According to statistics from Zero2IPO Research Center, as of the first half of 2019, the number of newly registered private equity, venture capital and private equity asset allocation managers in the association has declined significantly.
According to statistics, since this data reached 3887 in 2015, it has been decreasing year by year in the following 3 years, which are 2646, 1789 and 445, and only 9 in the first half of 2019.
Although in the previous investment community’s view, the decrease in the number of supplementary institutions is partly due to tight preparations.
“After the requirements of some other external financial institutions, private equity funds are doing it, and some risk points are resubmitted for review as a supplementary opinion for inquiries. Similar to some financial situations, everyone may think that there is indeed a point in the record and it is indeed in the record.Change, we do have to make some adjustments in methodology.

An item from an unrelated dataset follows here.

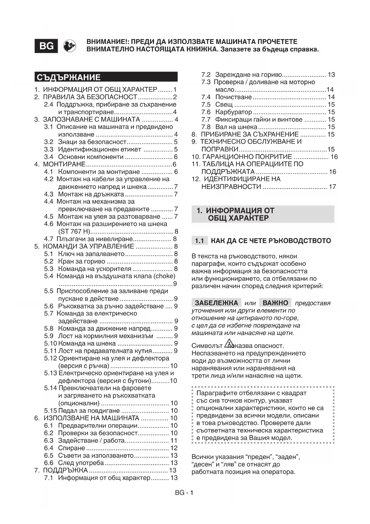 Прочетете внимателно настоящите инструкции преди да използвате машината. Разучете и свикнете с командите и с подходящото използване на машината. Научете се да изключвате бързо двигателя. Неспазването на предупрежденията и инструкциите може да причини инциденти и/или сериозни наранявания. Запазете всички упътвания и инструкции за бъдещи справки.

But then again, the key to capital’s contribution to the development of the real economy is real strength.
“The demand for capital for corporate development is still irresistible, especially during the stage of economic shifts and the steady growth of domestic structure adjustment. Innovation capital investment in emerging technology areas still needs to be strengthened.
“Xu Hongcai, deputy director of the Economic Policy Committee of the China Association for Policy Research, told reporters in the Daily Economic News that although the current Chinese economy is greatly affected by domestic demand, industrial clusters in core technology areas have not yet formed a scale, and industrial clustering effects need to be strengthened.